17. Process according to any one of Claims 1 to 15, characterized in that the composition (A) comprises at least one chemical oxidizing agent, preferably chosen from hydrogen peroxide, urea peroxide, alkali metal bromates, persalts such as perborates and persulfates, peracids, oxidase enzymes, and mixtures thereof; more preferentially, the chemical oxidizing agent(s) are chosen from hydrogen peroxide, persalts, and mixtures thereof;better still hydrogen peroxide.
18. Process according to any one of the preceding claims, characterized in that step a) is carried out before step b).
19. Process according to any one of Claims 1 to 16 or 18, comprising at least the following steps:(1) a step of preparing a composition (AM) resulting from the extemporaneous mixing:- of a composition (Al) comprising:(i) at least one oxidation dye, preferably as defined in Claim 3,(ii) at least one cationic surfactant TCA as defined in any one of Claims 1 and 5 to 7, (iii) at least one cationic polymer as defined in any one of Claims 1 or 9,(iv) at least one fatty substance CGA as defined in any one of Claims 1 or 11, and said composition (Al) not comprising any chemical oxidizing agent; with - a separate oxidizing composition (O) comprising one or more chemical oxidizing agents; then(2) a step of applying said composition (AM) to the keratin fibres, and(3) a step of applying to the keratin fibres a composition (B) as defined in any one of Claims 1 and 13 to 15;preferably, step (2) is carried out before step (3).
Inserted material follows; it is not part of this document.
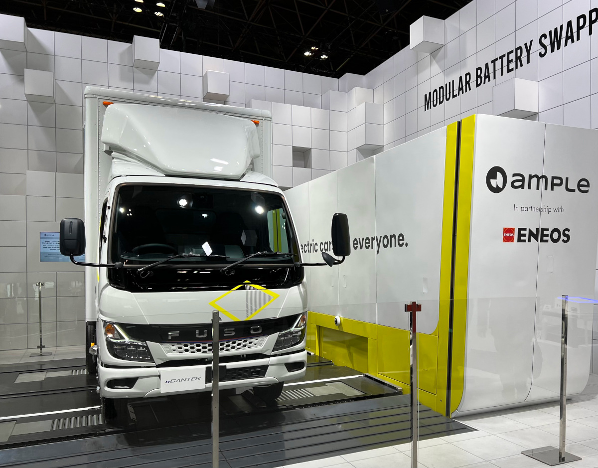 - バッテリEVトラックの変化球。床下に設置したバッテリーユニットごと5分で交換できるシステム。充電の待ち時間をなくすことで車両の稼働率と航続距離の向上を目指す。(渡邊)

20. Multi-compartment device comprising:- at least a first compartment containing a composition (A) as defined in any one of Claims 1 to 12 and 16 to 17;- at least a second compartment containing a composition (B) as defined in any one of Claims 1 and 13 to 15; and- optionally at least a third compartment containing an oxidizing composition (O) comprising one or more chemical oxidizing agents as defined in Claim 17.